Load up your cart with these fresh finds to savor the flavor of Summer.

Blueberries

Berries are among the most nutrient- and antioxidant-packed fruits, but blueberries are known for their ability to help keep your mind sharp as you age. Other studies shows that they also provide heart-health benefits and anticancer properties and may even help reduce muscle soreness and speed recovery postexercise. A cup of fresh blueberries has 80 calories, 25 percent of your daily vitamin C, and 3.5 grams of filling fiber.

Great as a snack (alone or with yogurt), blueberries are also great to add to your favorite smoothie, as well as an ingredient in whole-grain side dishes or salads.

Cantaloupe

The sweet, fragrant scent of the cantaloupe is another unmistakable sign of Summer. A cup of cantaloupe has just 50 calories.
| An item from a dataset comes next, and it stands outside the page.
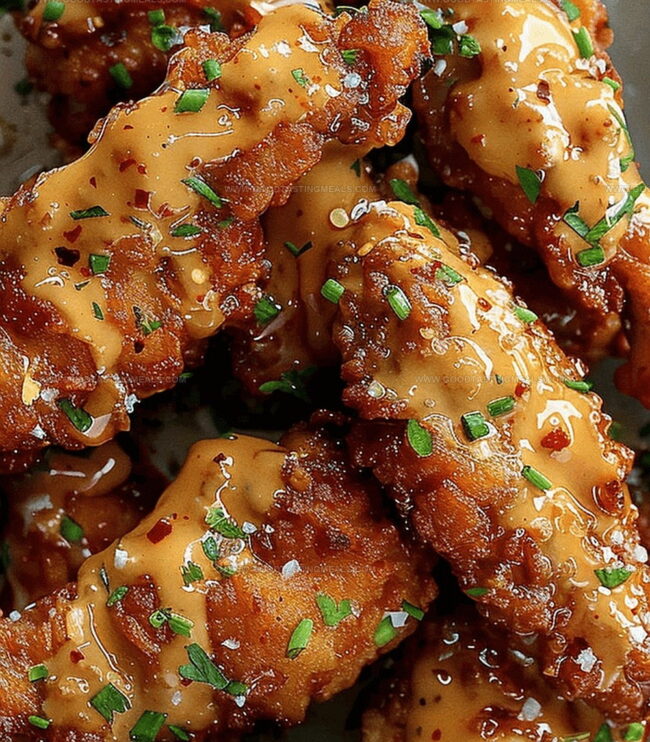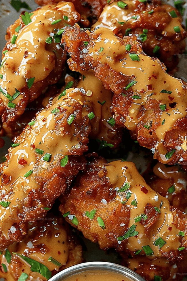 - Generously coat the crispy tenders with prepared bang bang sauce, ensuring complete coverage.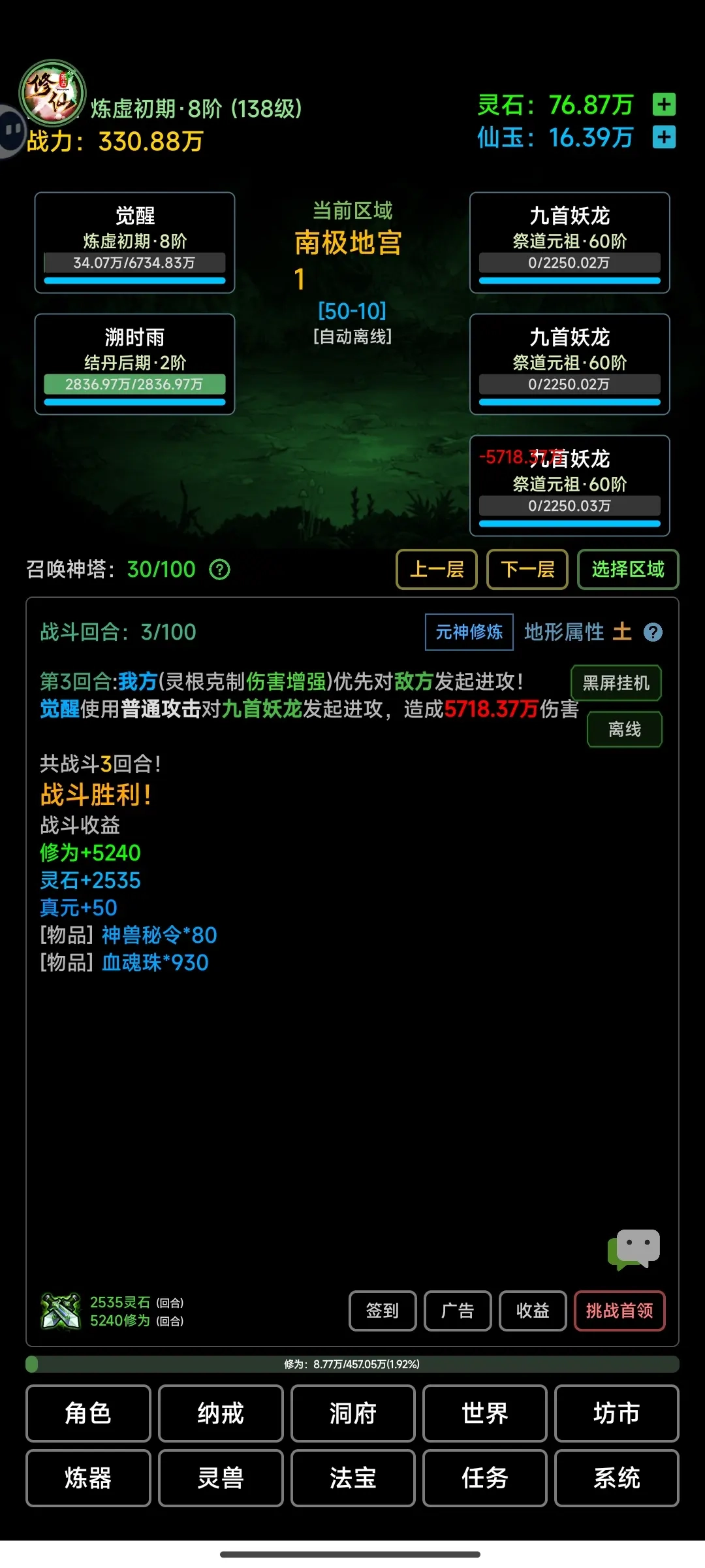 4、等修为提升到筑基中期后开启自动升级功能,持续在1图9挂机修炼,这里每轮能获取330点修为,大概每分钟能刷23轮怪物。期间可以偶尔去2图2试试能不能做到秒杀,如果能的话,就可以在那里挂一会儿,收集一套套装——这套装备能带来40%的气血加成,之后再回到1图9继续挂机。(要是能秒杀2图9的怪物,每轮就能拿到430点修为,每分钟差不多16轮)

They're also loaded with fiber, potassium, vitamin C, and beta-carotene. Consider cantaloupe your secret to beautiful skin as the beta-carotene helps protect it from harmful UVA and UVB rays. And, since they are about 90 percent water, they help you feel fuller.

Enjoy cantaloupes sliced or diced, and add them to your Summer salads.

Peaches

Nothing screams "Summer" like a ripe, juicy peach. The hot-weather, fuzzy-skinned fruit is at its peak from June through September, so now's the time to enjoy them. This sweet Summer fruit not only tastes amazing, but it's also a nutritional powerhouse. In just 60 calories, a medium peach packs in more than 20 different essential nutrients including fiber; vitamins A, C, and E; antioxidants; potassium; and zinc.

Peaches are a perfect snack but can also be a featured ingredient in many dishes, from appetizers to desserts and even beverages. They're excellent baked, grilled, or pan-seared and topped with cinnamon for a guilt-free dessert. Need a sweet treat that will please everyone at your next cookout? Try this grilled peach recipe that has fewer than 35 calories per serving.

Strawberries

One serving of eight strawberries has more vitamin C than an orange and is packed with beneficial antioxidants and nutrients including potassium, folate, and fiber. And here's some food for thought: a study reported in the Annals of Neurology found that strawberries might slow cognitive decline by up to two and a half years.

Use strawberries in your favorite salads or as a topper for your yogurt or hot or cold cereal. You can also use strawberries as you would a tomato for a caprese salad with fresh tomatoes, mozzarella, and basil.

Sweet Cherries

Succulent sweet cherries are in season only from June through August, so enjoy them while they last! Sweet cherries are high in fiber and potassium while remaining low in calories ― just one cup of sweet cherries is about 100 calories. Their deep red color ― due to compounds called anthocyanins - not only makes them beautiful but also brings an added health benefit. Studies show that anthocyanins help reduce pain and temper inflammation.

They're picked once a year, so enjoy these special treats as a delicious snack on their own or you can pit them and use in salads (a chicken-cherry Waldorf salad is one of my favorites!).